Goal of the exercise: Starting from the line with "それが「おのぞみ通り」を中心" and going up to and including the line with "Физика за 10-11", copy the listing below exactly. Leave all images out.

<<<<

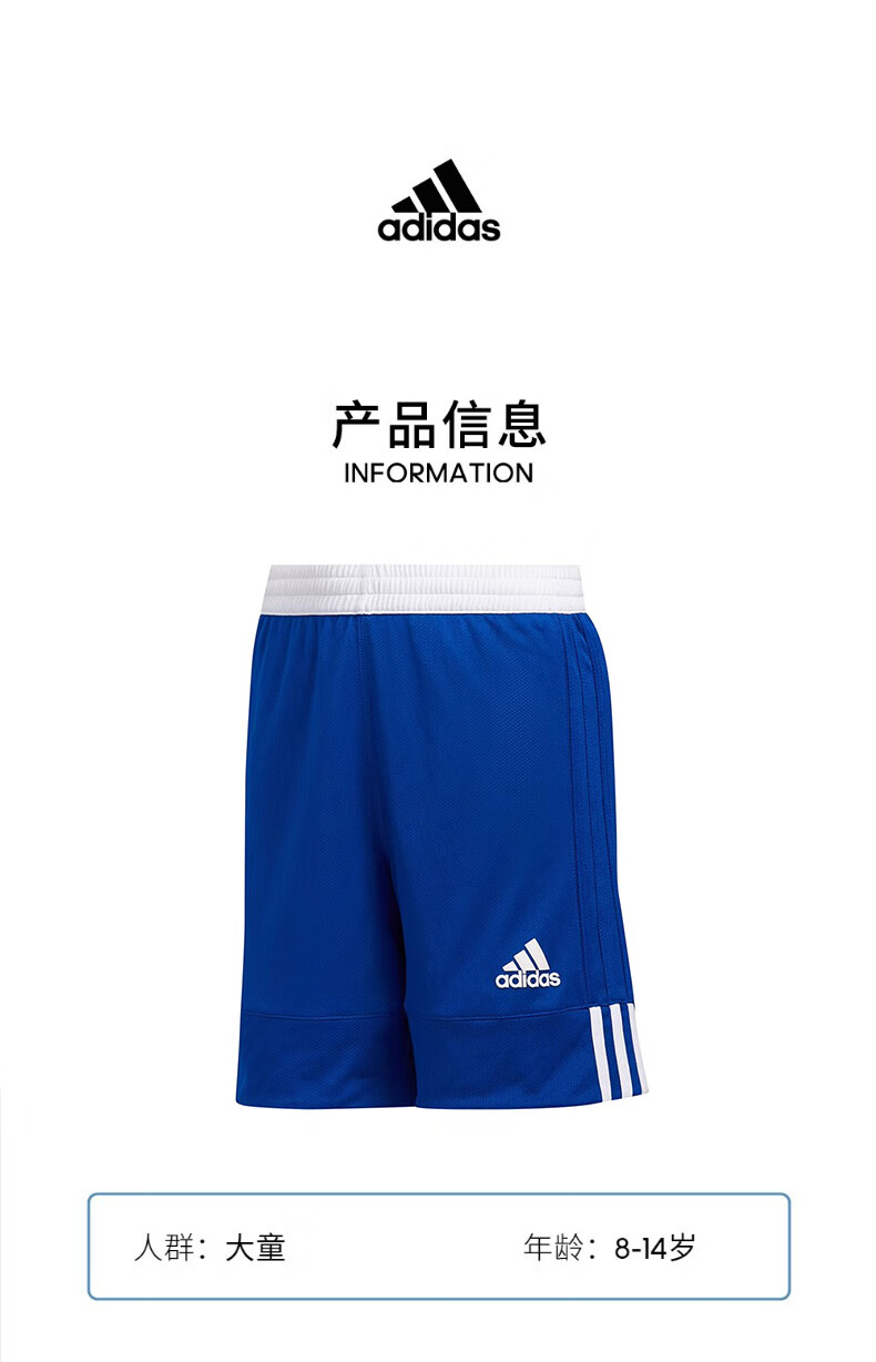 阿迪达斯(adidas)童装儿童篮球短裤男大童双面穿吸湿快干比赛运动五分裤子DY6625蓝
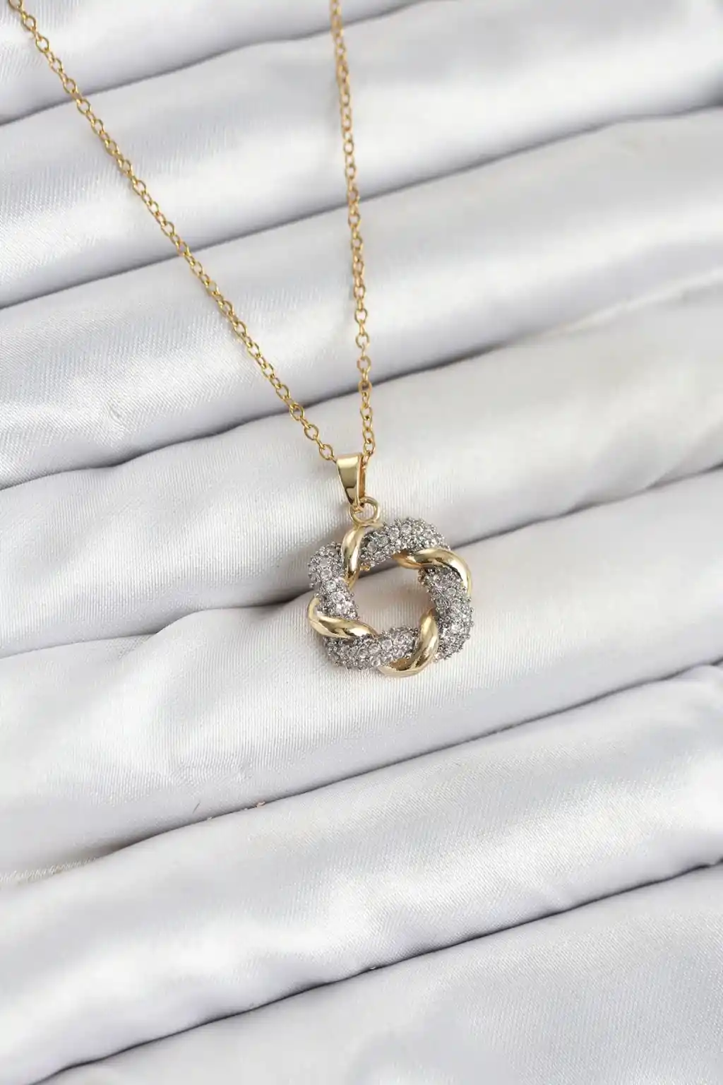 316L Çelik Zincir Gold Renk Zirkon Taşlı Sarmal Model Kadın Kolye
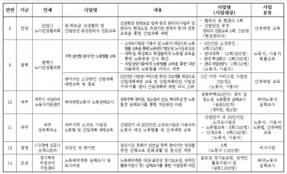 이 밖에도 5인 미만 사업장 노동자 권리구제 사업(수원-수원시노사민정협의회), 공동주택 종사자 조사연구 및 좋은 일자리 상생모델 개발(부천-부천시비정규직근로자지원센터), 찾아가는 중소기업 노동자 권익 상담(화성-화성시노사민정협의회), 찾아가는 소상공인 산업재해 예방교육(평택-평택시노사민정협의회) 등을 비롯한 8개 사업이 함께 추진될 예정이다.
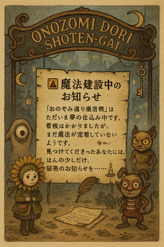 それが「おのぞみ通り」を中心に広がりつつある夢の商店街です。まだ頭の中のアイデアだけですが、魔法の力を借りて、ただいま突貫工事中です!
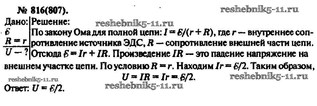 Физика за 10-11 класс Рымкевич Задачник УМК Дрофа задача 816
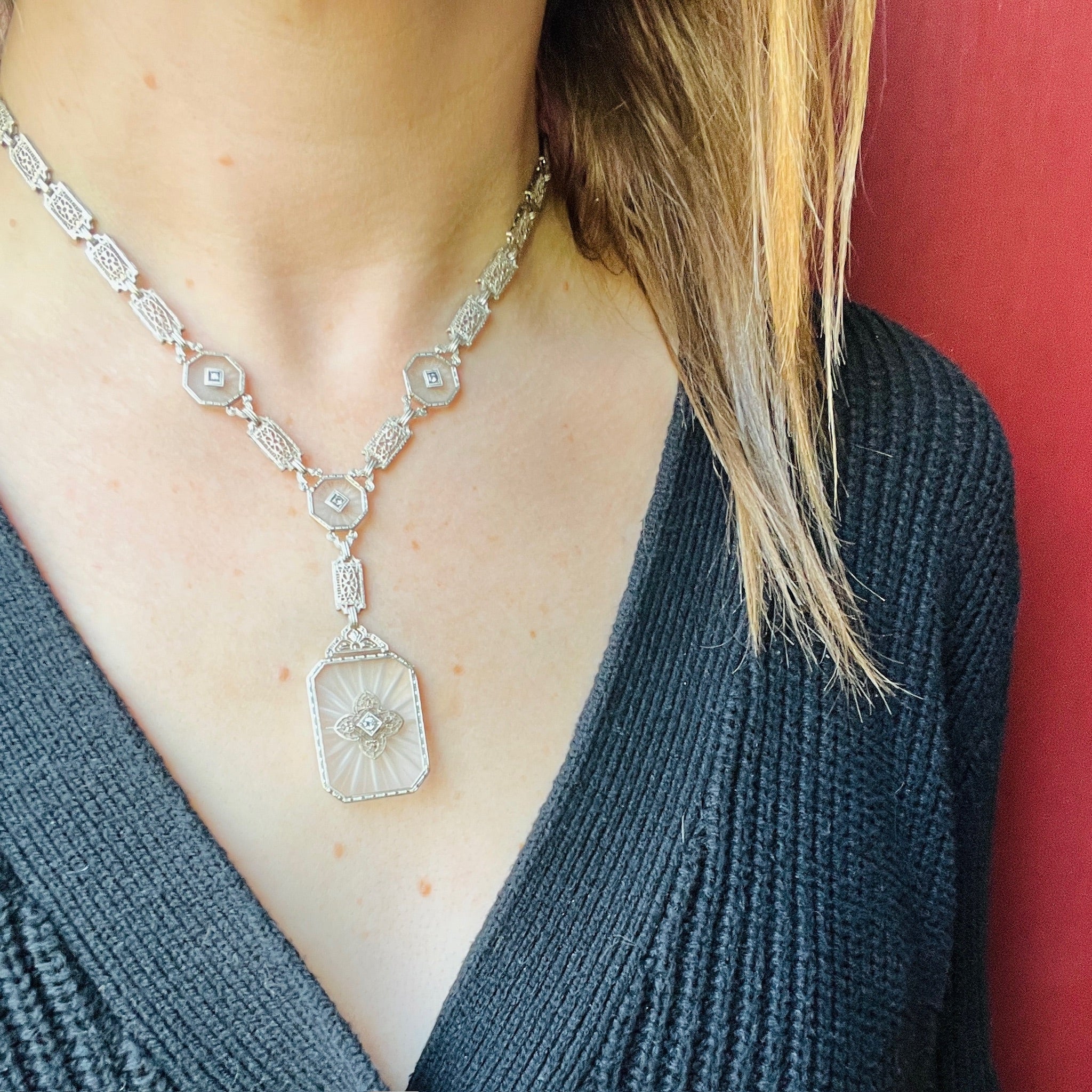 This camphor glass necklace has everything ... a chain of exquisitely filigreed white gold links ... three hexagonal camphor glass accent links ... a large etched and frosted camphor glass pendant with a decorative bale, and a bright diamond set in its filigreed quatrefoil heart. Each plaque of sun-rayed glass is set in a frame of engraved 14k white gold and set with a wee diamond. Every detail is perfect; even the spring ring clasp is elevated with delicate engraving. Circa 1920.
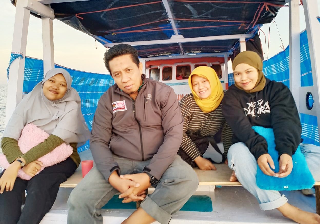 Terbukti, sejak awal perjalanan yang dimulai pada Jum'at (26/06/2020) sampai kembali Selasa (30/06/2020), ketiganya konsisten menempati bagian geladak kapal dan tak sedikitpun bergeming, meski wajah mereka harus sesekali 'ditampar' oleh percikan badai gelombang laut. (Andi Fadly)
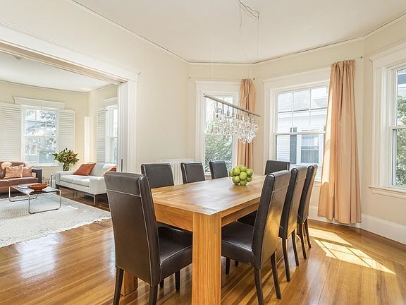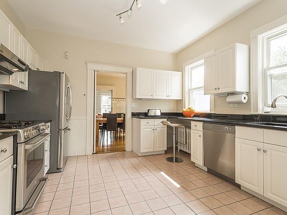 This two level condominium unit is located on the second and third floor of an elegant Philadelphia Style two family home. The home has double bays on the front, a porch, a rear deck and a shared yard. The driveway and garage are exclusively for the use of this unit. On the main floor is an entrance foyer, and a living room with pocket doors that separate it from the dining room. The dining room has a bay window and a built in china closet with leaded glass doors. The kitchen has been updated with granite countertops, a GE Cafe gas range, and other upscale appliances. There is a pantry closet and also a small laundry room with washer and dryer. On this level is also a bedroom, and a bathroom. French doors lead to a den or bedroom, currently used as a home office. On the upper floor are four bedrooms and a second bathroom. Three of the bedrooms have walk-in closets. One bedroom is unheated. The bathroom has a soaking tub and a separate shower. There is ample bsmt. storage.

>>>>

Solution to the problem:
 それが「おのぞみ通り」を中心に広がりつつある夢の商店街です。まだ頭の中のアイデアだけですが、魔法の力を借りて、ただいま突貫工事中です!
 Физика за 10-11 класс Рымкевич Задачник УМК Дрофа задача 816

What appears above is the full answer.